例えばカメラを買うと、人は旅に出たくなる。
せっかく買ったカメラで、きれいな景色を撮りたいと思うからだ。でも、そうなのだろうか?旅に出たいという無意識がカメラを買わせたのではないのだろうか。カメラを買ったから旅に出たくなったのではなくて、旅に出たいから無意識のうちにカメラ売り場に行ったのではないだろうか。
何かの行動には、何かの動機があるのだ。例えそれが間違いだったとしても、無意識はそれを偶然の間違いではなくて必然の間違いとして引き起こしたのかもしれないのだ。
高浜は再び目を閉じた。
じゃあ、僕は無意識のうちに逃亡することを選んだんだろうか。
たしかに、間違った方向の電車に乗ってしまったことに気が付いた時、高浜は気が楽になったような気がした。このまま正しい方向へ戻らなければ、高浜の本心に反する行動を取らなくて済むのだ。
でも、これからどうすればいいんだろう。
たった一人で、何処へ行けば、何をすればいいんだろう。
マリアは日勝峠でドアとシートにつかまりながら苦痛に耐えていた。
時折、景色がフロントガラスを横向きに流れていく。スープラは4輪ともに滑りながら向きを変えていた。バックミラーを見る余裕はあまり無かったのだが、それでもマリアは出来るだけ後ろを見ようとした。そうしていないと、あまりに恐ろしい景色が目に入ってきて悲鳴を上げそうになったからだ。後続のランサーエボリューションは、時々遠くのほうに見えることがあったが、その後ろから来るはずのGT-Rやステージアの姿は無かった。決して軽量級とはいえないスープラを、まるでラリーのビデオかアニメの映像みたいに滑らせてコントロールする阿部のテクニックは、間違いなく常軌を逸していた。
でも、とマリアは考えた。
位置情報を発信し続ける装置がスープラに搭載されている以上、直線の多い北海道の道路状況では、数百メートルのアドバンテージが、どれほどの役にたつのか。結局、長く続けていては、相手側のクルマにパワーがあるだけに勝ち目が薄い。
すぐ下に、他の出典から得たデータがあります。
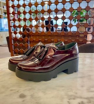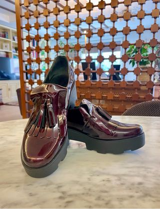 Mocasines de charol con un diseño elegante y moderno. Están completamente nuevos, nunca se han usado. Costaron 110€. - Acabado brillante. - Detalle de flecos en la pala. - Suela gruesa y robusta.
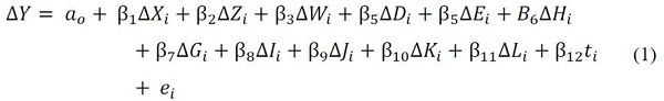 where ∆ is the difference operator. Therefore, ∆Y corresponds to the growth rates of dependent variables and is a constant. Firm size is represented by X, region by Z, economic sector is W, access to credit is D, whether the establishment has its own website is represented by E, sales level by G, whether it is a branch of a larger firm is H, firm’s age is I, whether the firm exports J, international quality certificate of the firm is K, and the absolute sales level in February 2020 is represented by L. The error with zero mean and constant variance is represented by ei .
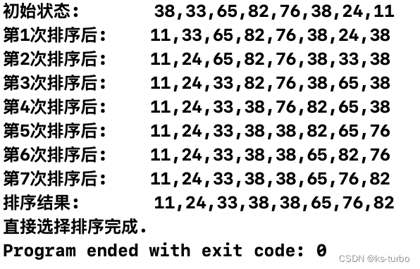 {int n = 8;SeqList R;R[1].key = 38; R[2].key = 33; R[3].key = 65; R[4].key = 82; R[5].key = 76;R[6].key = 38; R[7].key = 24; R[8].key = 11;printf("初始状态: "); p(R, n);SelectSort(R, n);printf("排序结果: "); p(R, n);printf("直接选择排序完成.\n");return 0;

峠を越えて、ワインディングが無くなると景色が急速に開けた。
マリアは携帯電話を開く。着信は無い。そろそろ高浜を保護したという連絡が入ってもいいはずなのだけれど。機械のほうは完全にノーマークで輸送されていることが確認されている。そっちは心配ない。
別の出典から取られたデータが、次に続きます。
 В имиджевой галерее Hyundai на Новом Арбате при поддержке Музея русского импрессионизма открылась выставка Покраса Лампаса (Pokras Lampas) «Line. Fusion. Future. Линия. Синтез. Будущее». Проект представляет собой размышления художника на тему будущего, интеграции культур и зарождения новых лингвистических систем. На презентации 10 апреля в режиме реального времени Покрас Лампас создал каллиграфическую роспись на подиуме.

窓ガラスにポツポツと水滴が当たった。空を見上げると、急速に雲が張り出してきているのが見えた。
「これから最高速ステージなのにな」
阿部がぼやいたように聞こえた。
「十勝16キロの直線、ね」
「そうだ。最後の最後だからな。ぎりぎりまでオーバーブーストを使う」
高速で走り続けてきたスープラのフロントウインドーには無数の虫の死骸や汚れが付着していた。雨は強くなりそうだった。
「前、見えないね。ワイパー使うね」
阿部は前方から目を逸らさずに、いや、と言った。